Abstract

The treatment of patients who experience intracranial progression after whole brain radiation therapy (WBRT) is a clinical challenge. Novel radiation therapy delivery technologies are being applied with the objective of improving tumor and symptom control in these patients. The purpose of this study is to describe the clinical outcomes of the application of a novel technology to deliver repeat WBRT with volume modulated arc therapy (VMAT) and a simultaneous infield boost (WB-SIB) to gross disease. A total of 16 patients were initially treated with WBRT between 2000 and 2008 and then experienced intracranial progression, were treated using repeat WB-SIB, and were analyzed. The median dose for the first course of WBRT was 35 Gy (range: 30–50.4 Gy). Median time between the initial course of WBRT and repeat WB-SIB was 11.3 months. The median dose at reirradiation was 20 Gy to the whole brain with a median boost dose of 30 Gy to gross disease. A total of 2 patients demonstrated radiographic disease progression after treatment. The median overall survival (OS) time from initial diagnosis of brain metastases was 18.9 months (range: 7.1–66.6 (95% CI: 0.8–36.9)). The median OS time after initiation of reirradiation for all patients was 2.7 months (range: 0.46–14.46 (95% CI: 1.3–8.7)). Only 3 patients experienced CTCAE grade 3 fatigue. No other patients experienced any ≥ CTCAE grade 3 toxicity. This analysis reports the result of a novel RT delivery technique for the treatment of patients with recurrent brain metastases.

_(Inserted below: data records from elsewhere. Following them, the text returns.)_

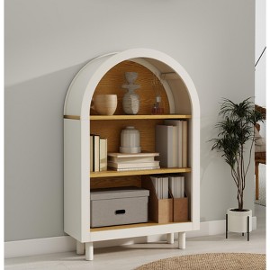 Add timeless charm and functional style to your home with this elegant arched top storage shelf. Designed to be more than just storage, the signature arched silhouette brings a classic, sophisticated touch that instantly elevates any space—from living rooms and bedrooms to dining areas and entryways. The stylish two-tone finish pairs a crisp white painted frame with warm, natural wood grain laminate shelves and back panel, offering a beautiful blend of modern elegance and rustic appeal that fits effortlessly with a variety of décor styles. With three spacious open tiers measuring approximately 23.6" wide by 9.5" deep, this unit provides generous room for displaying books, cherished décor, plants, or organizing everyday essentials like dinnerware, toys, or accessories. Solid wood legs in a matching white finish add a refined detail, while also offering enhanced stability and a light, airy feel with added bottom clearance for easy cleaning. Sized at about 23.6" wide by 9.5" deep by 37.4" high, this versatile piece fits seamlessly into any corner of your home whether you use it as a stylish bookshelf, a practical bedside companion, or a welcoming entryway organizer.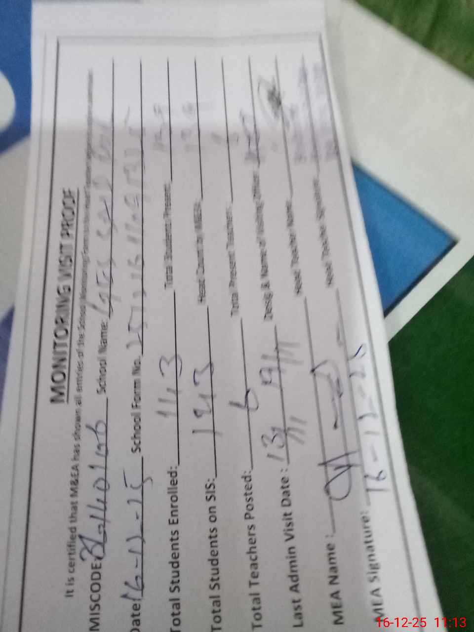 | Attendance Register | Head Teacher | MEA with School | Visit Proof |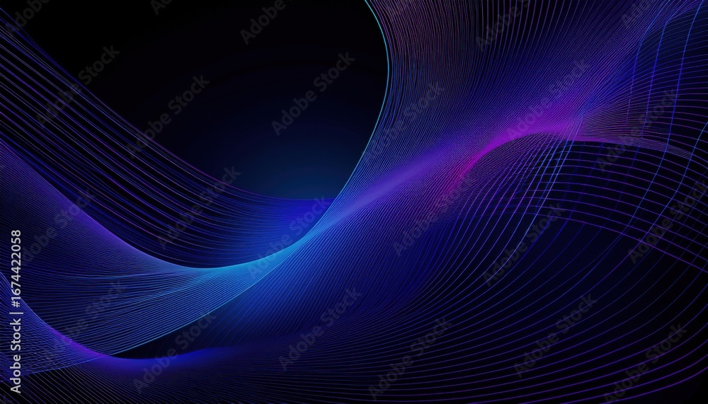 Wall mural flowing neon wave lines in deep blue and violet abstract digital background with futuristic grid tex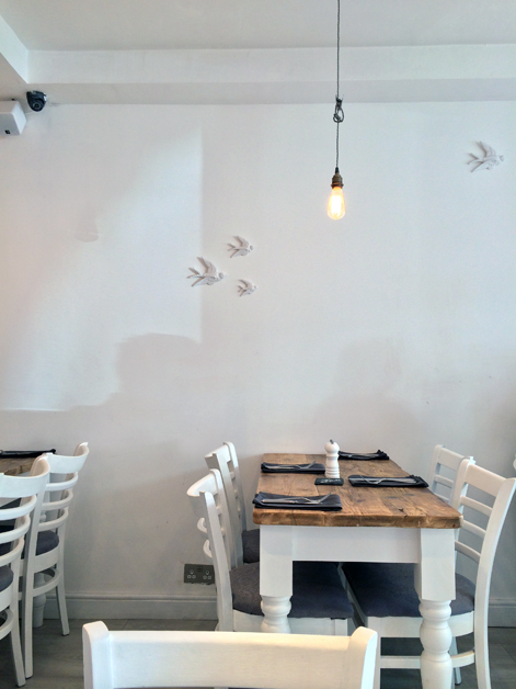 While the basement is mostly dominated by comfortable semi-communal tables, it can be quite chilly which is pleasant in summer at least. The ground floor is a different matter. The tables there have such narrow legs that it’s essentially impossible to sit comfortably with both legs underneath the table. The ground floor tables are all packed together quite closely which, combined with the noise created by the crowds of professional bullshitters, er I mean PR and advertising people, from the Saatchi and Saatchi offices across the road, makes for an aurally uncomfortable experience. The odd table arrangements and unassuming decor combined with the sharply dressed staff and need for reservations creates an atmosphere that’s not quite casual yet not quite formal either.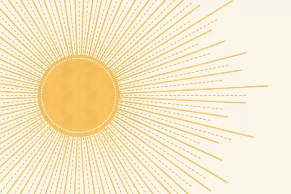 Plakatas Ryškiai geltona saulė su sklindančiais saulės spinduliais šviesiame fone, sukurianti šiltą ir saulėtą atmosferą f41268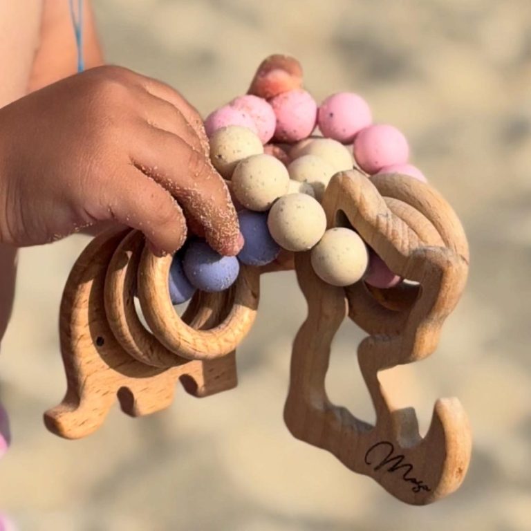 - Stimuliert die Sinne durch unterschiedliche Materialien (Buchenholz & Silikon)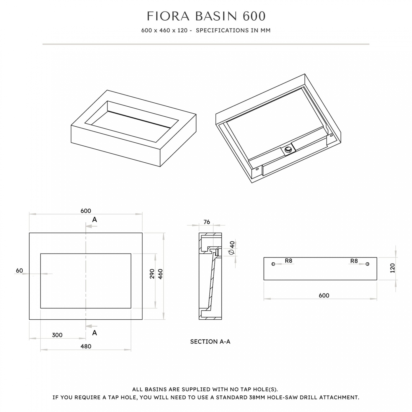 Fiora Solid Surface Stone Resin Wall Hung Basin 600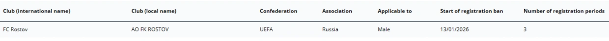 Три трансфертных окна без новичков: «Ростову» временно запретили регистрировать новых игроков

Side effects were manageable and comparable to other conventional repeat WBRT series. Repeat WB-SIB using the VMAT RT delivery technology is feasible and appears to have acceptable short-term acute toxicity. These results may provide a foundation for further exploration of the WB-SIB technique for repeat WBRT in future prospective clinical trials.

Highlights

  • Metastases to the brain occur in 25–45% of cancer patients [1]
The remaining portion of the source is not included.